ORDER
DAUGHERTY, District Judge.This action is brought under Section 17 of the Fair Labor Standards Act of 1938 (Act), 29 U.S.Code § 217, for an injunction against future violations of the overtime provisions and record keeping provisions of said Act and for an injunction against withholding the payment of overtime compensation found due certain employees under the Act. The defendant has answered and has demanded a trial by jury. The plaintiff has moved to strike the jury demand of the defendant.
The plaintiff supports its motion to strike by two Fifth Circuit cases which have treated with this precise problem *87in Section 17 actions,1 and by several District Court cases.2 The Fifth Circuit cases hold that trial by jury in Section 17 actions is not a matter of right. The essential basis of this ruling is that there is no statutory provision for jury trial and that the purpose of the injunction to restrain the withholding of wages- due is not to collect a debt owed by an employer to his employee but to correct a continuing offense against the public interest. The United States Supreme Court denied certiorari in the second case in 1966.
The defendant in support of its demand for a jury trial depends primarily on the cases of Beacon Theatres v. Westover, 359 U.S. 500, 79 S.Ct. 948, 3 L.Ed.2d 988, decided in 1959, and the ease of Dairy Queen, Inc. v. Wood, 369 U.S. 469, 82 S.Ct. 894, 8 L.Ed.2d 44, decided in 1962. Neither of these cases involve Section 17 actions and generally announce the principle that only under the most imperative circumstances can the right to a jury trial of legal issues be lost through the prior determination of equitable claims; that any legal issues for which a trial by jury is timely and properly demanded be submitted to a jury. The defendant points to no Circuit Court or District Court case holding that a trial by jury is available as a matter of right in a section 17 proceeding. It is significant that the United States Supreme Court denied certiorari in 1966 in Sullivan v. Wirtz, supra, in the face of Beacon Theatres v. Westover, supra, and Dairy Queen, Inc., v. Wood, supra, which had previously been decided in non-Section 17 cases.

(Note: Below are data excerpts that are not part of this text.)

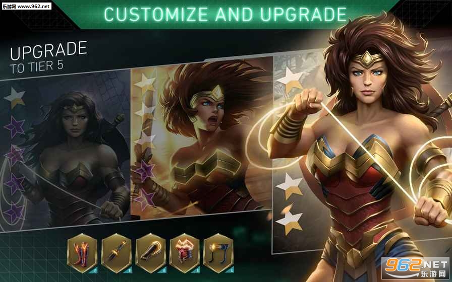 不义联盟2为您提供多种方式,来打造、升级、培养DC标志性人物的队伍。通过收集角色和稀有的装备并用等级合成和星级系统来进行升级。装备系统为您的人物提供新的外观,以及生命值、技能和战斗力的加成。
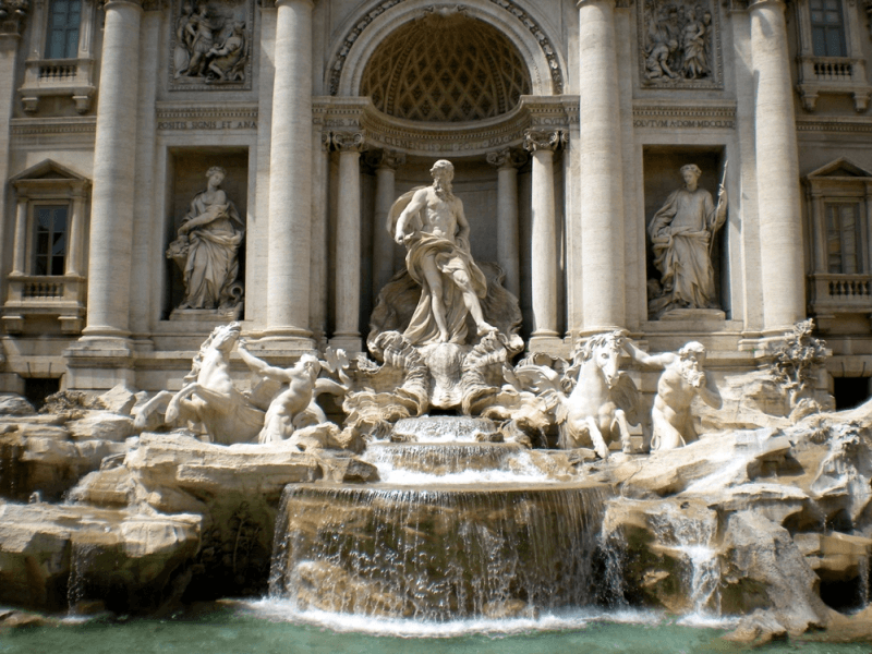 Trevi Çeşmesi ya da bilinen adıylaAşk Çeşmesi, Roma’nın en ünlü yapılarından. Yapımına 1732 yılında başlanan ve çok sayıda sanatçının yardımı ile tamamlanan çeşme oldukça etkileyici. Dilek tutup çeşmeye para atmak ise oldukça popüler. İnanışa göre kim dilek diler ve sağ eli ile sol omzunun üzerinden çeşmeye bozuk para atarsa o kişinin dileği gerçekleşir ve Roma’ya tekrar gelirmiş. Burası da görmeniz gereken yerlerden biridir.
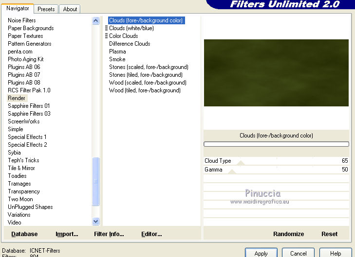 3. Effetti>Plugins>Filters Unlimited 2.0 - Render - Clouds (fore-/background color).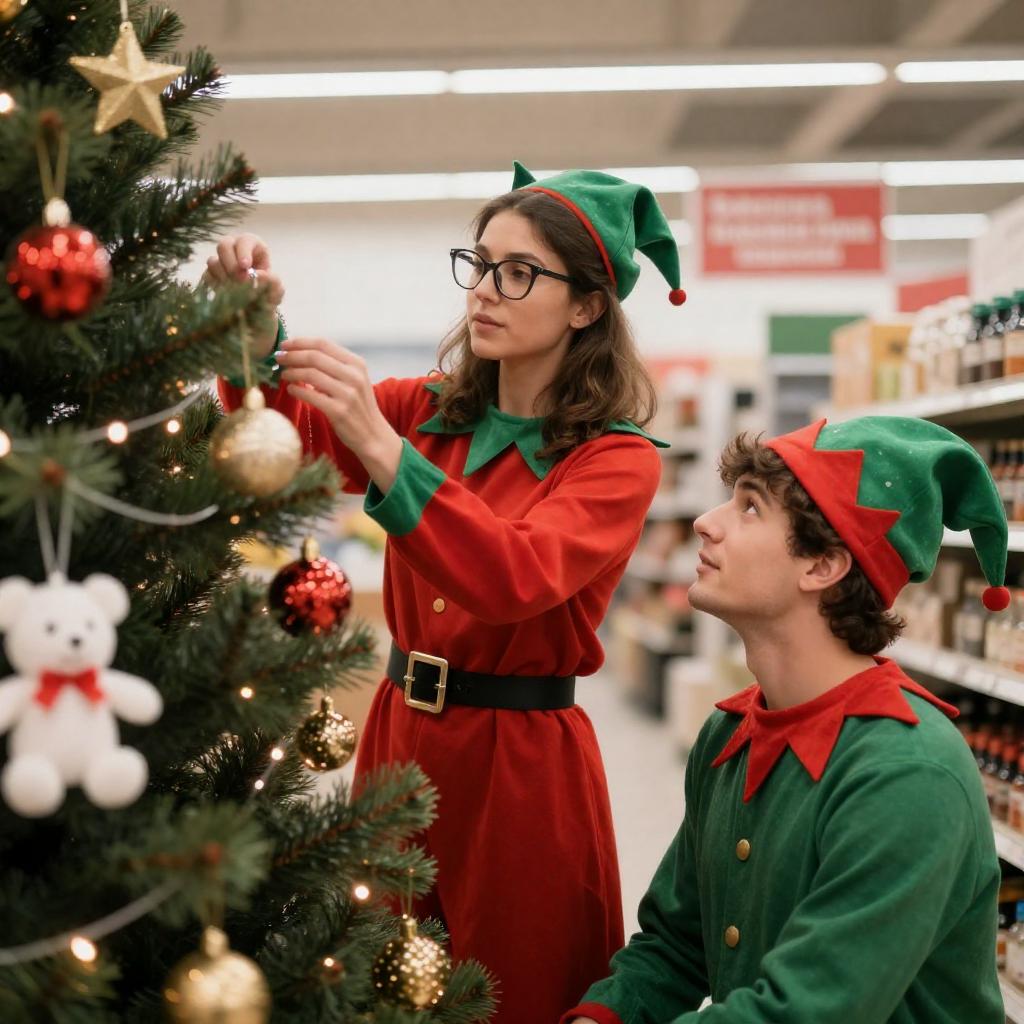 Photograph of a Christmas scene in a store. A woman in a red elf costume with green headband and glasses decorates a lit Christmas tree, while a man in a green elf costume looks up at her. The tree is adorned with ornaments, lights, and a white plush toy. Background includes store signs and shelves.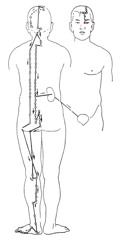 足太阳膀胱经起于目内眦(睛明),上额,交于巅顶(百会)。巅顶部支脉,从头顶到颞颥部。巅顶部直行的脉,从头顶入络脑,向下至项部,沿着肩胛内侧,夹脊柱,抵达腰部,进入体内,络肾,属膀胱。腰部的支脉,向下经过臀部,进入腘窝中。后项部的支脉,通过肩胛骨内侧缘下行,经臀部,沿着大腿外侧后缘,与腰部支脉在腘窝相合,从此向下,通过腓肠肌,经外踝后,沿着第5跖骨粗隆,至小趾外侧端(至阴),交足少阴肾经。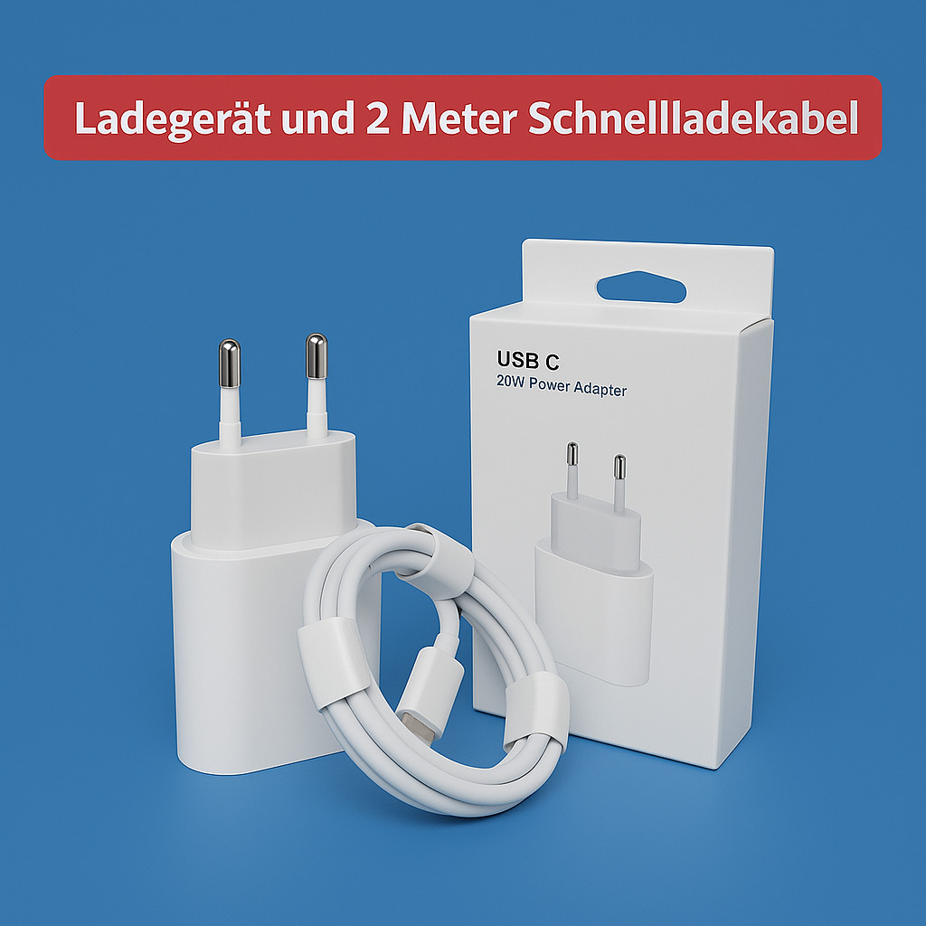 🔌 20W Schnellladegerät & Ladekabel für Apple iPhone – Ihr zuverlässiges Lade-Set . Das Netzteil & Kabel nutzen USB-C. Wenn Sie das Kabel mit einem anderen Netzteil verwenden möchten, achten Sie darauf, dass auch dieses einen USB-C Anschluss besitzt.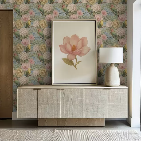 Tapetti Papukaijat pionien, hydrangeoiden ja magnolioiden keskellä Nr. a00747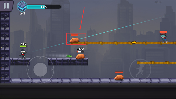 1、操控角色使用蓝色瞄准线攻击带红色小猪可造成【-170】伤害。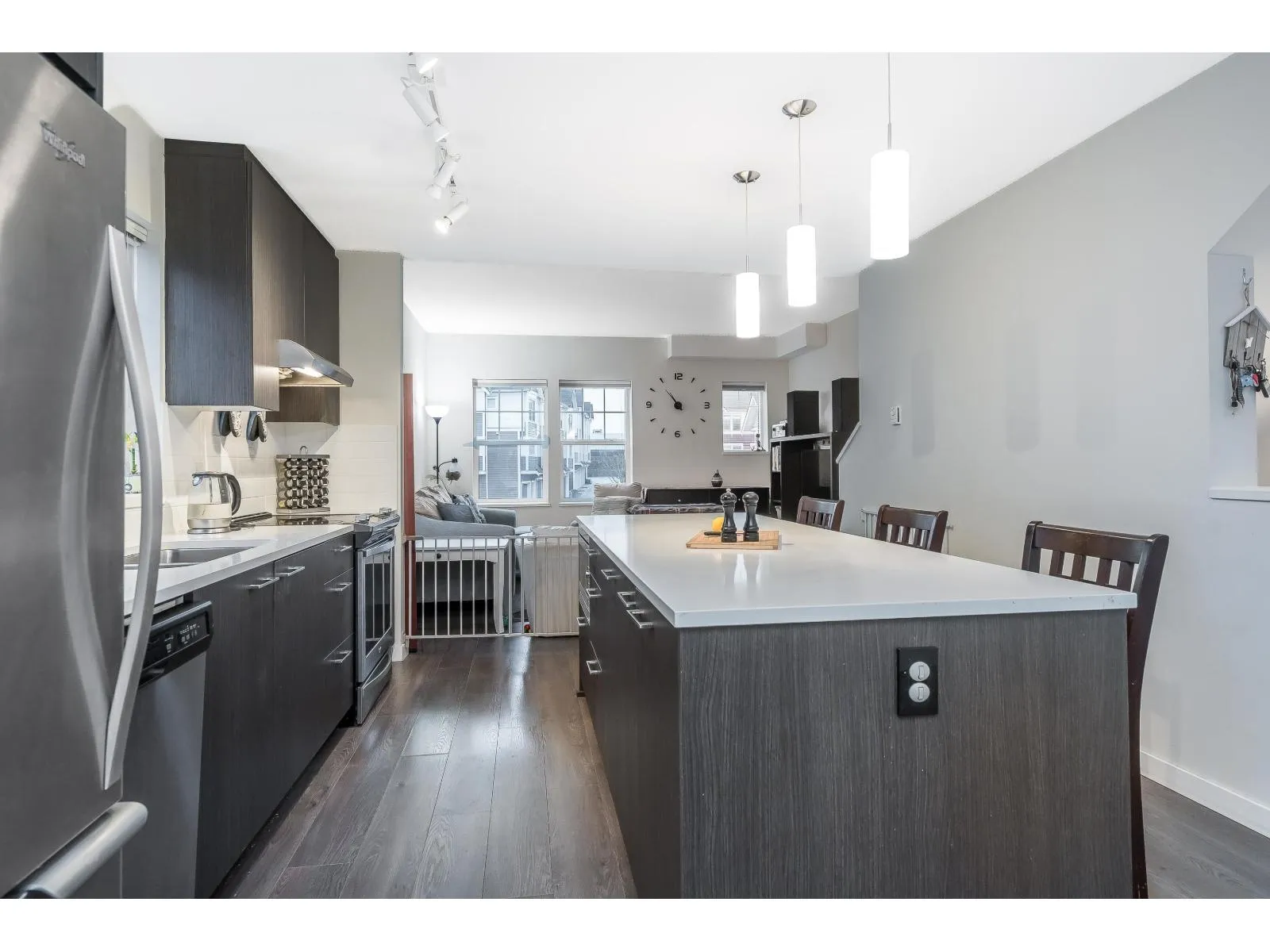 END UNIT Exceptional townhome in a prime, quiet location within the complex. Bright open-concept layout featuring a 10+ ft quartz island with white countertops, stainless steel appliances, and sun-filled living spaces. Enjoy sunset views from the living room and morning sun in the kitchen. Patio and sun deck open to a private, fully fenced outdoor space for pets and children. REC Facility on site! Three large bedrooms up, two full bathrooms, and a double-deep tandem garage with space for office or gym. Built by a well-regarded builder and centrally located-walking distance to malls, gyms, shopping, transit, and groceries. Rare end unit-one of the best in the complex. (id:27476)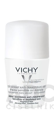 Vichy Dezodorant Antiperspirant roll-on pre citlivú alebo depilovanú pokožku prináša cielený účinok proti vlhkosti a pachu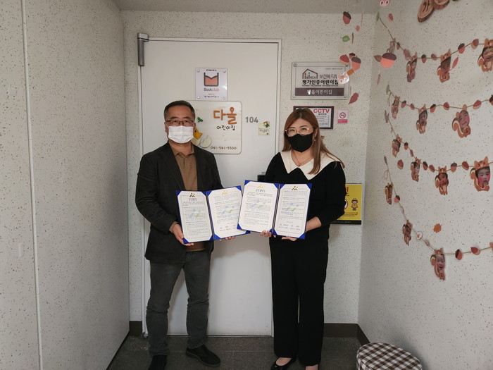 충남 아산시 온양5동이16일 다올어린이집과 복지사각지대 발굴 및 맞춤형 서비스 연계를 위한 명예 사회복지공무원 업무협약을 맺었다. 명예 사회복지공무원이 발굴한 위기가구에는 생계비 등의 긴급지원과 건강관리, 돌봄 등이 제공된다. 사진은 협약식에서 관계자들이 기념촬영을 하는 모습. (사진제공=아산시청)
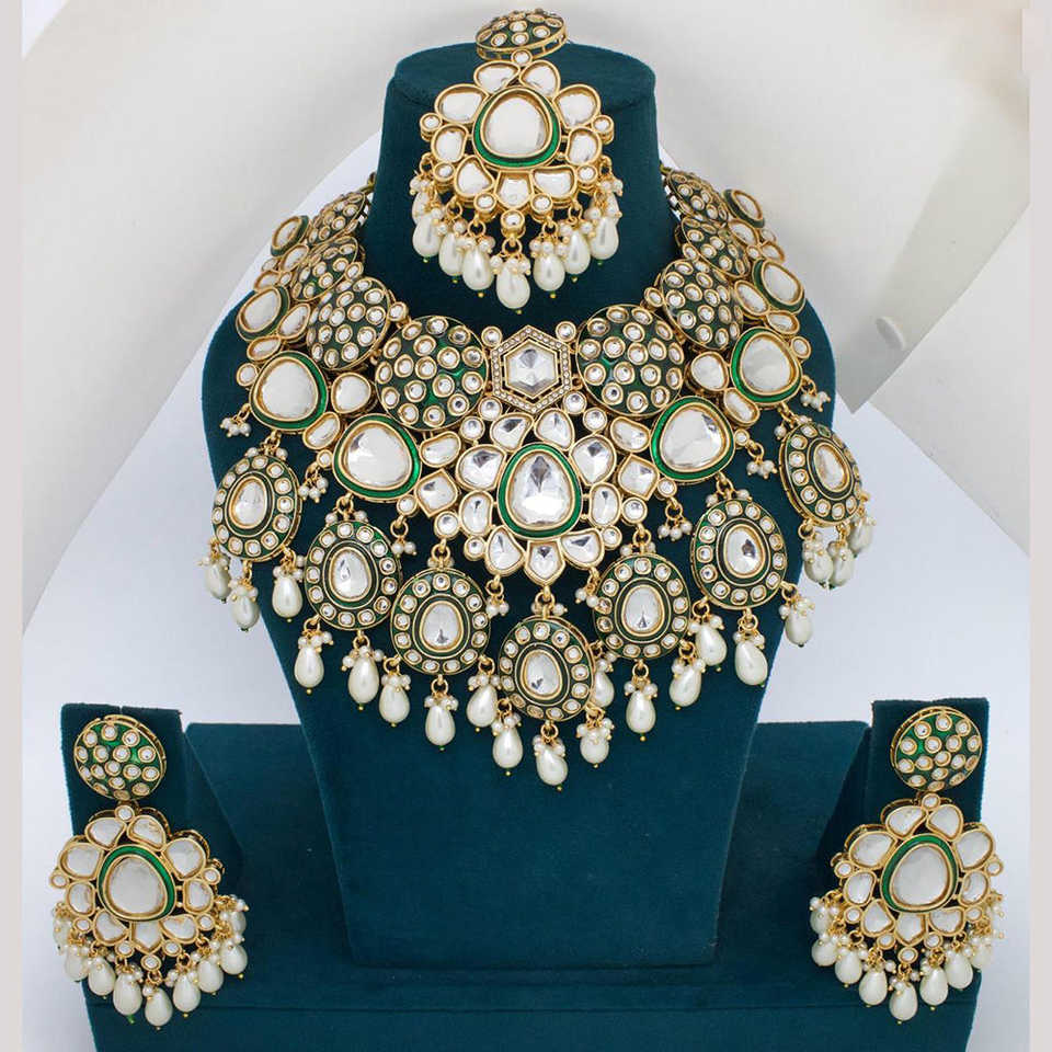 Gold Plated Kundan and Beads Fine Jewelry Necklace Set 10581332WH

The Court has examined the two Fifth Circuit cases and believes them to be sound. In these circumstances, the Court will follow the only Circuit pronouncement regarding this problem and sustain the plaintiff’s motion to strike the jury demand herein.
. These two cases are Wirtz v. Jones, 340 F.2d 901 decided in 1965, and Sullivan v. Wirtz, 359 F.2d 426, decided in 1966, cert. denied, 385 U.S. 852, 87 S.Ct. 94, 17 L.Ed.2d 80.
. Wirtz v. Alapaha Yellow Pine Products Co., Inc., (MD Ga.1963), 217 F.Supp. 465; Goldberg v. Thompson, (SD Cal.1962) 47 Labor Cases, 31,410; Wirtz v. Turner, (ND Ga.1963) 227 F.Supp. 395; Wirtz v. Norton (ND Ga.1963) 34 F.R.D. 535; Wirtz v. Robert E. Bob Adair, Inc. (WD Ark.1963), 224 F.Supp. 750; Wirtz v. Gregg, Gibson & Gregg, (MD Fla.1964), 49 Labor Cases, 31556; Goldberg v. Wimpy Co., (SD Fla.1962), 46 Labor Cases, 31344; Wirtz v. Moorehead, (WD S.C.1964), 49 Labor Cases, 31555; Wirtz v. Robinson & Stephens, Inc., (ND Fla.1964), 49 Labor Cases, 31,-587; Wirtz v. Mount (MD Ala.1964), 50 Labor Cases, 31,629; Wirtz v. Active City Wide Service Co., (ND Ill.1964), 230 F.Supp. 666; Wirtz v. Tinker’s Bigg & Littel Stores (ND Cal.1964), 50 Labor Cases, 31,622; Wirtz v. Wheaton Glass Co., (DC N.J.1966), 253 F.Supp. 93; Wirtz v. Alfred J. Riccio d/b/a York Industrial Tool & Engineering (DC MD Pa.1967), 264 F.Supp. 134; Wirtz v. Martin, (DC MD Pa.1967), 54 Labor Cases, 31,883.